> **DESCRIPTION OF THE TASK**
Write out the lines of the material below exactly, beginning at the line with "該布局經常包括一篇特色文章以" and stopping after the line with "- Порезать кольцами", and leave out the pictures.

> **RECORDS TO USE**
□ □ □ □
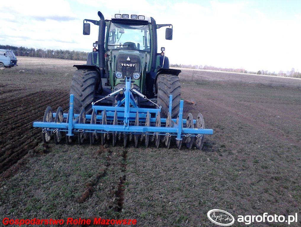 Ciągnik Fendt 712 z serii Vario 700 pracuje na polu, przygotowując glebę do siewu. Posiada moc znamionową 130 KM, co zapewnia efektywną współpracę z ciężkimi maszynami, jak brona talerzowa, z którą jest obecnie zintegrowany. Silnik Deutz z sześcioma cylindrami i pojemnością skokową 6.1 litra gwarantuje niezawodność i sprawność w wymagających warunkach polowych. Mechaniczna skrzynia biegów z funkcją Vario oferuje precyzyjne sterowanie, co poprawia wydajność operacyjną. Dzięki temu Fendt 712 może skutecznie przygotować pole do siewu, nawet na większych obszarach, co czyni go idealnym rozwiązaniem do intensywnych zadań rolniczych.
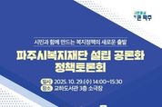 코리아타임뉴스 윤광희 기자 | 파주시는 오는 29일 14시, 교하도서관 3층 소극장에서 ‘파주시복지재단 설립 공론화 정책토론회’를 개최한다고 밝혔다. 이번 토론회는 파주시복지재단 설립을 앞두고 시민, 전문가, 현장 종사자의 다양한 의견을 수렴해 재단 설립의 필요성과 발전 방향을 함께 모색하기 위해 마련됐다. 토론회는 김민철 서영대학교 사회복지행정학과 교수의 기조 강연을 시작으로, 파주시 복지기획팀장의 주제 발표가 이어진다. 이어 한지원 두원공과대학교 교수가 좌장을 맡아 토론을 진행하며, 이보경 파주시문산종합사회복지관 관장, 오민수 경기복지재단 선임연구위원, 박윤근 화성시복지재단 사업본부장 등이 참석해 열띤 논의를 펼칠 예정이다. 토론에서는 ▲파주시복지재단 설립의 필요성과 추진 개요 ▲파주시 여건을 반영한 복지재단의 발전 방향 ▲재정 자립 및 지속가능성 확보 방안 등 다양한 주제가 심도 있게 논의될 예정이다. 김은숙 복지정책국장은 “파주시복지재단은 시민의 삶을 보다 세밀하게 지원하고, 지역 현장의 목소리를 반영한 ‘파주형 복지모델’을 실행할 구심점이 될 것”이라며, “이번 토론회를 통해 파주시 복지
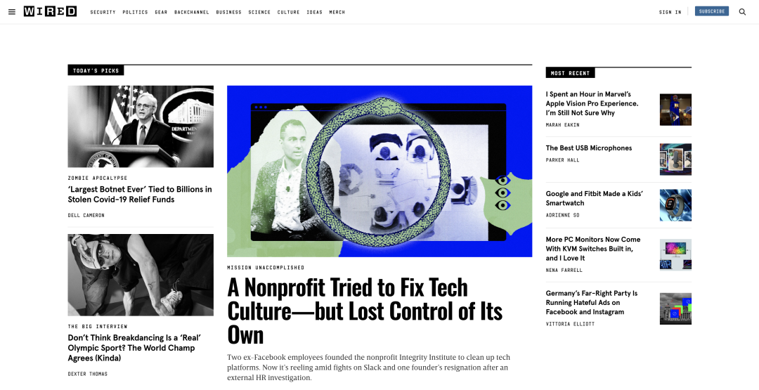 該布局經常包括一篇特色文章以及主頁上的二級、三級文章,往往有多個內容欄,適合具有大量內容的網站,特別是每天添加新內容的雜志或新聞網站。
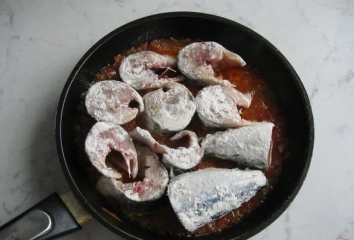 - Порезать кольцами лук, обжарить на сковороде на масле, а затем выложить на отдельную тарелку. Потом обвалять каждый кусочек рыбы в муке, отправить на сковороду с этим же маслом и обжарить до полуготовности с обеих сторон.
□ □ □ □
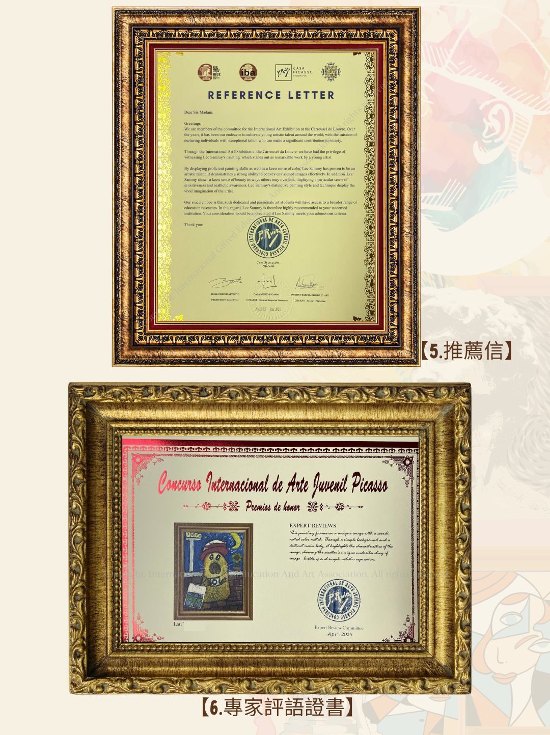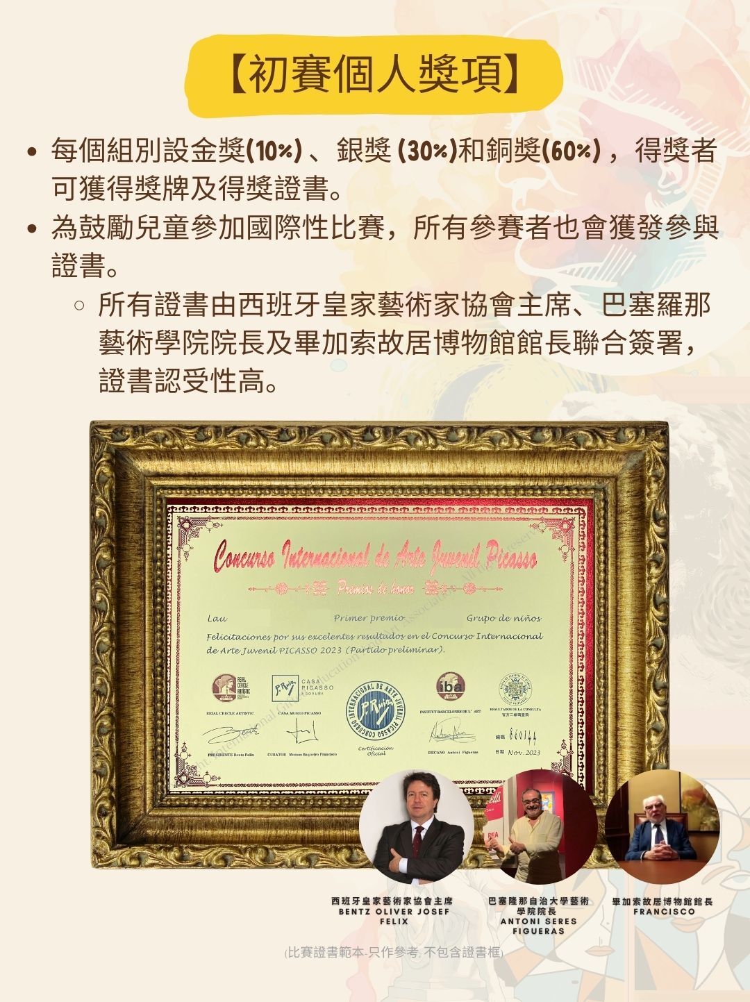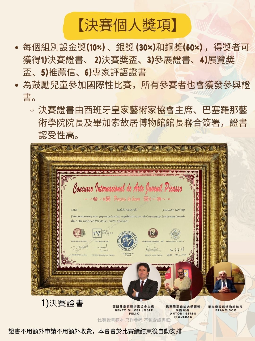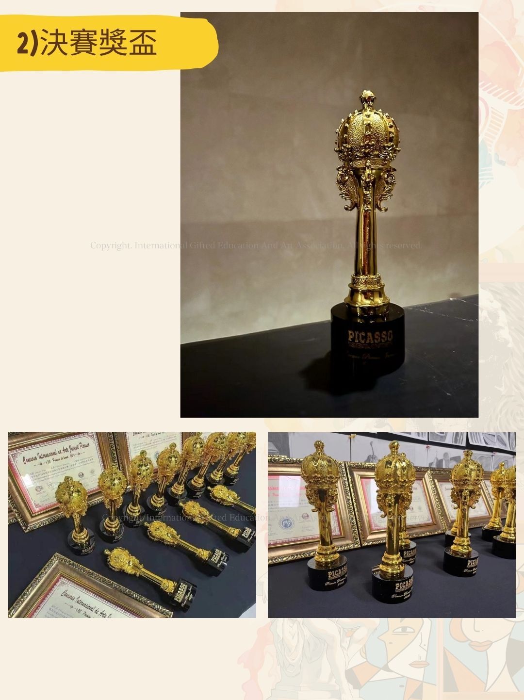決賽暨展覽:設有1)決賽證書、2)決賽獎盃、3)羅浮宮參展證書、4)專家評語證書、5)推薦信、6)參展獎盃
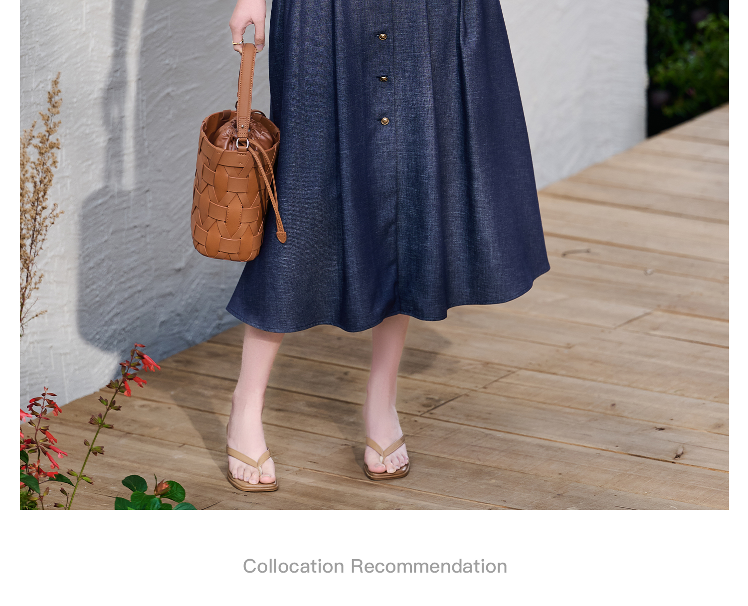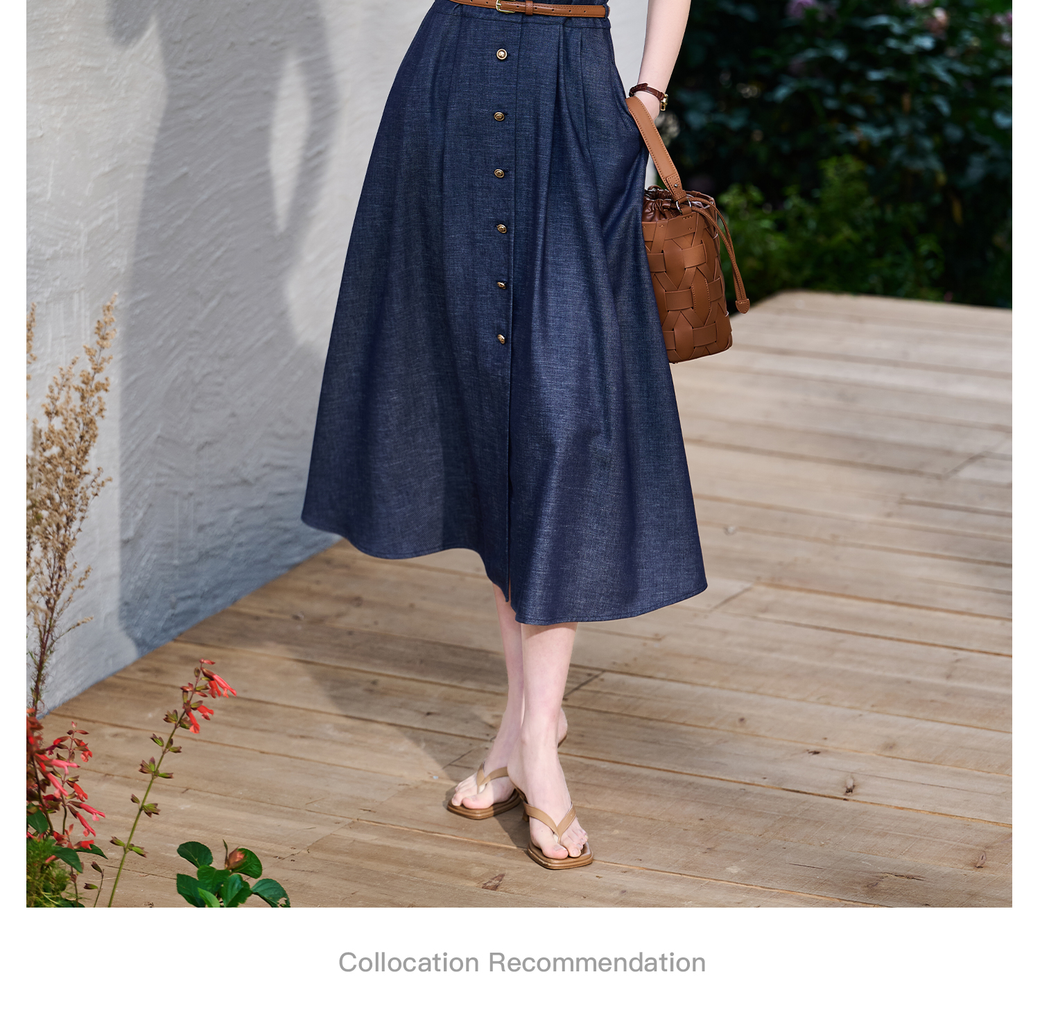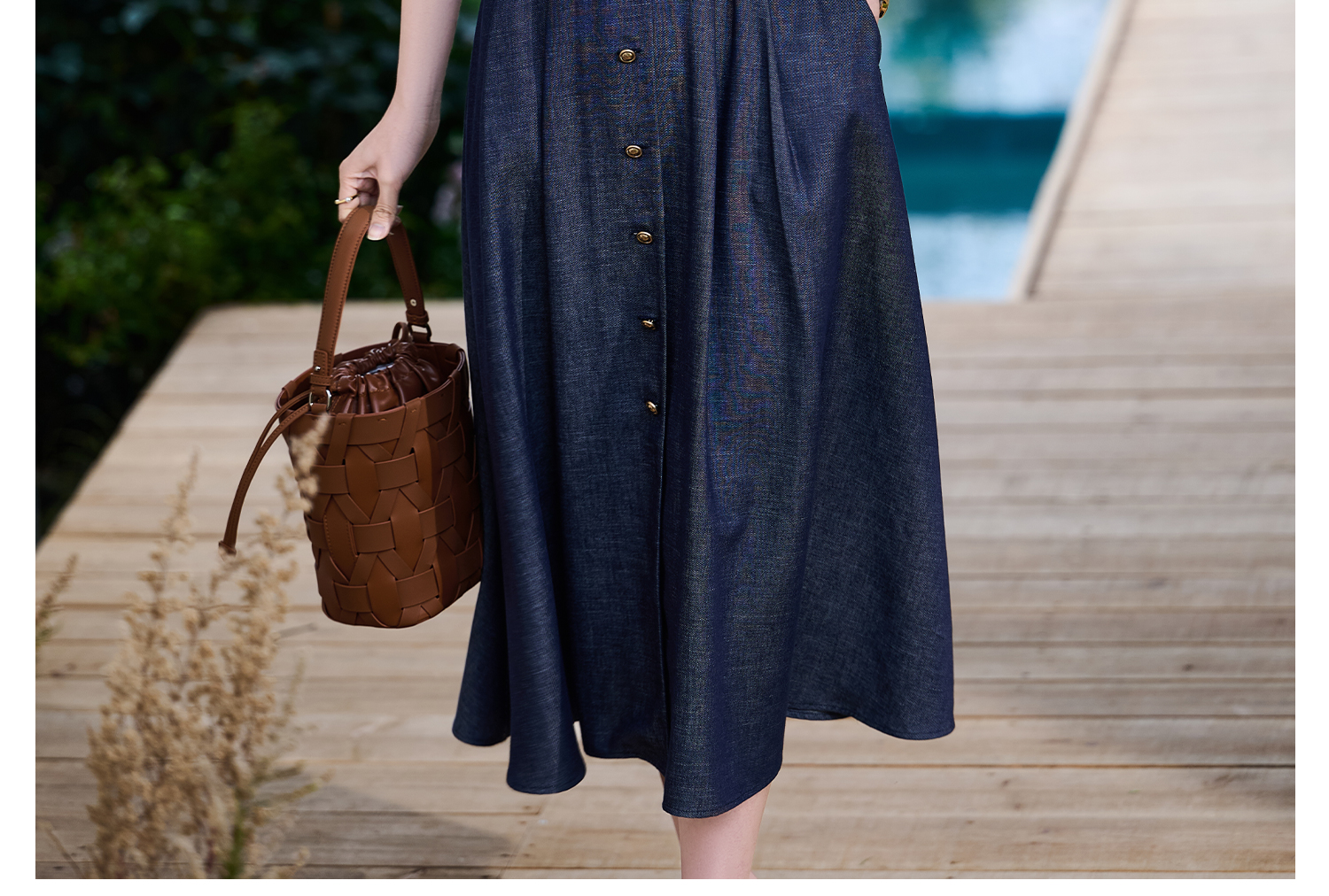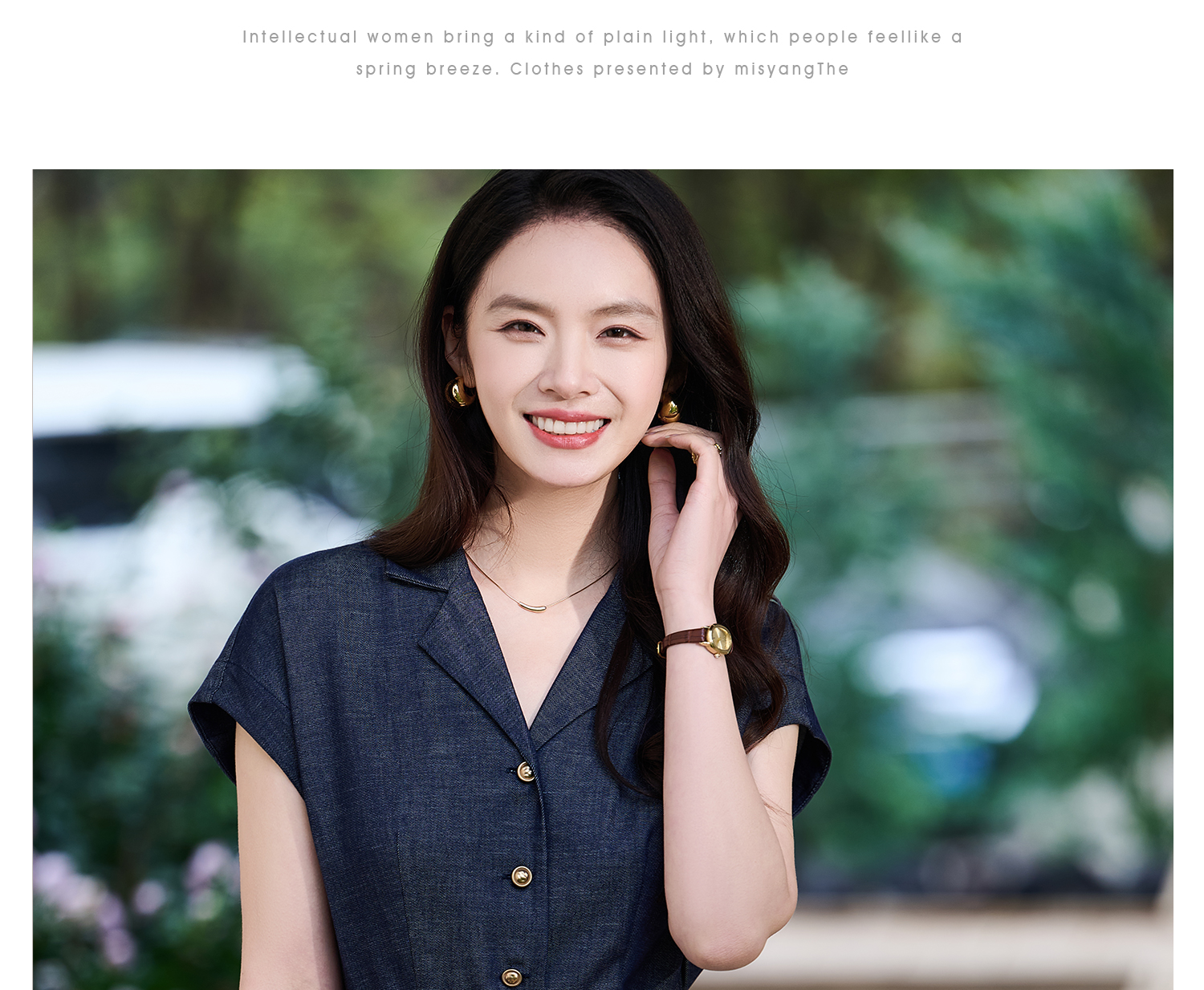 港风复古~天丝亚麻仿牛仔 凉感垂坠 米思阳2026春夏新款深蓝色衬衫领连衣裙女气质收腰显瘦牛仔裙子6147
□ □ □ □
> **WRITTEN ANSWER**
 該布局經常包括一篇特色文章以及主頁上的二級、三級文章,往往有多個內容欄,適合具有大量內容的網站,特別是每天添加新內容的雜志或新聞網站。
 - Порезать кольцами лук, обжарить на сковороде на масле, а затем выложить на отдельную тарелку. Потом обвалять каждый кусочек рыбы в муке, отправить на сковороду с этим же маслом и обжарить до полуготовности с обеих сторон.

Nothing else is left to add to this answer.